I've known this puzzle since childhood... it's simple and complex at the same time.
08.12.2015

Kanamat

From the first one from strict two and so on from 10-10 by how much what amount of weight more in the bag are fake
25.07.2017

Alexander

Such a riddle was in the film about Colombo. He figured it out, of course.

Each of the 10 bags contains 10 coins. Each coin weighs 10 g. But in one bag all the coins are fake - not 10, but 11 g. m, etc.) are counterfeit coins (all bags numbered from 1 to 10)? The bags can be opened and any number of coins can be pulled out of each.

ANSWER

One coin must be pulled out from the first bag, two from the second, three from the third, and so on. (from the tenth bag - all ten coins). Then all these coins should be weighed together once. If there were no counterfeit coins among them, i.e. all of them would weigh 10 g each, then their total weight would be 550 g. But since there are fake coins (11 g each) among the weighed coins, their total weight will be more than 550 g.
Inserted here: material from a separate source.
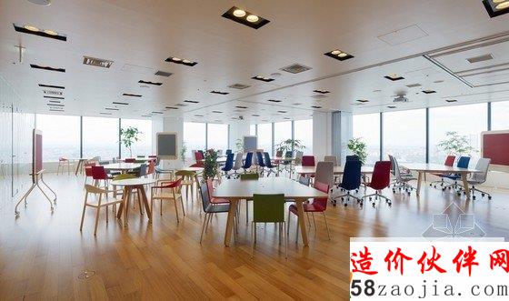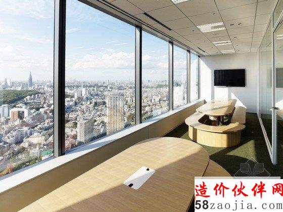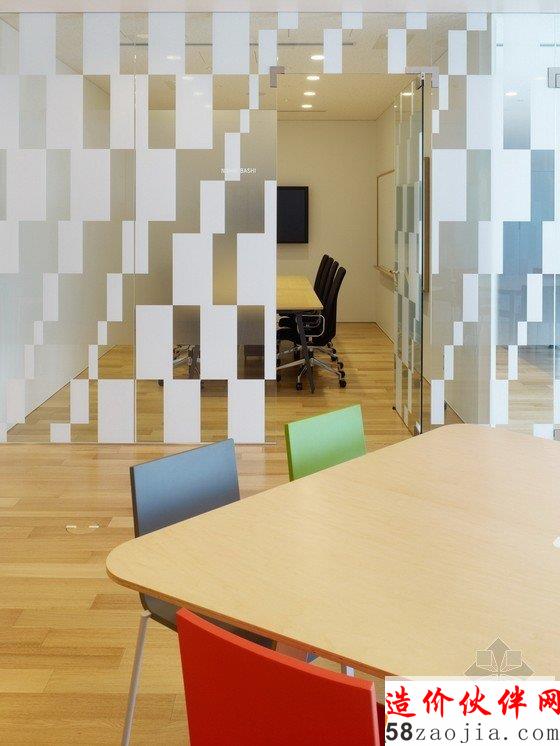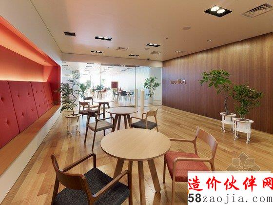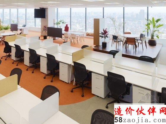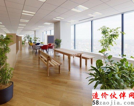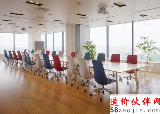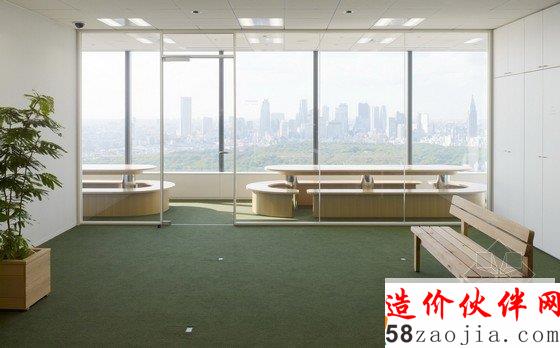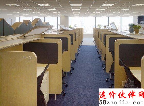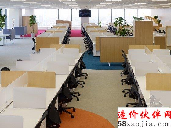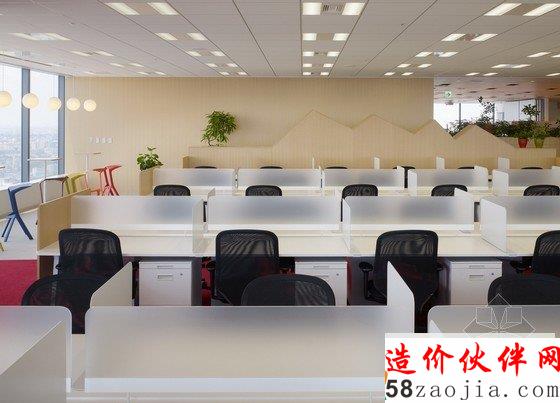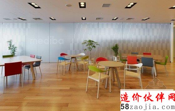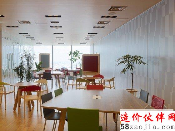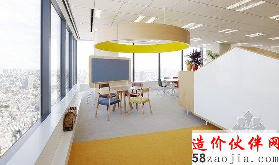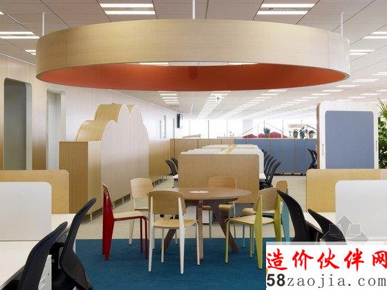 办公室内部为宽敞的开放区,包括前台、会议室和办公区,能容纳400名工作人员在此办公。开放式办公室位于大楼的第31层,入口处风景优美,会议室里有可移动的墙壁、桌椅、盆栽等,这些都使会议室具有非常强的可塑性。创意开放式办公室设计用不同的地面颜色区分不同的部门,有利于促进员工之间的交流。办公区内散布着搁物架等家具,搁物架是由染色的橡木制成的。创意开放式办公室设计还有一个小型的木制电车沿着窗户和公共设施运行,这个电车是由智能电话技术操纵的,在不同部门之间运送文件。建材和色彩的选用使办公室气氛温馨。
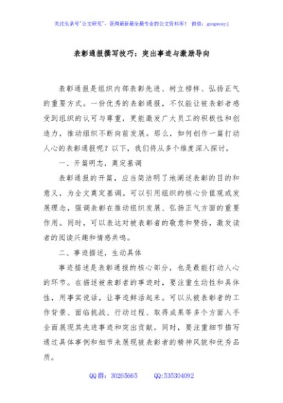 / 表彰通报撰写技巧:突出事迹与激励导向

Moreover, if it turns out to be 551 g, then fake coins are in the first bag, because we took one coin from it, which gave an extra 1 g. If the total weight is 552 g, then the fake coins are in the second bag, because we took two coins from it. If the total weight is 553 g, then the counterfeit coins are in the third bag, and so on. Thus, with only one weighing, it is possible to determine exactly which bag contains counterfeit coins.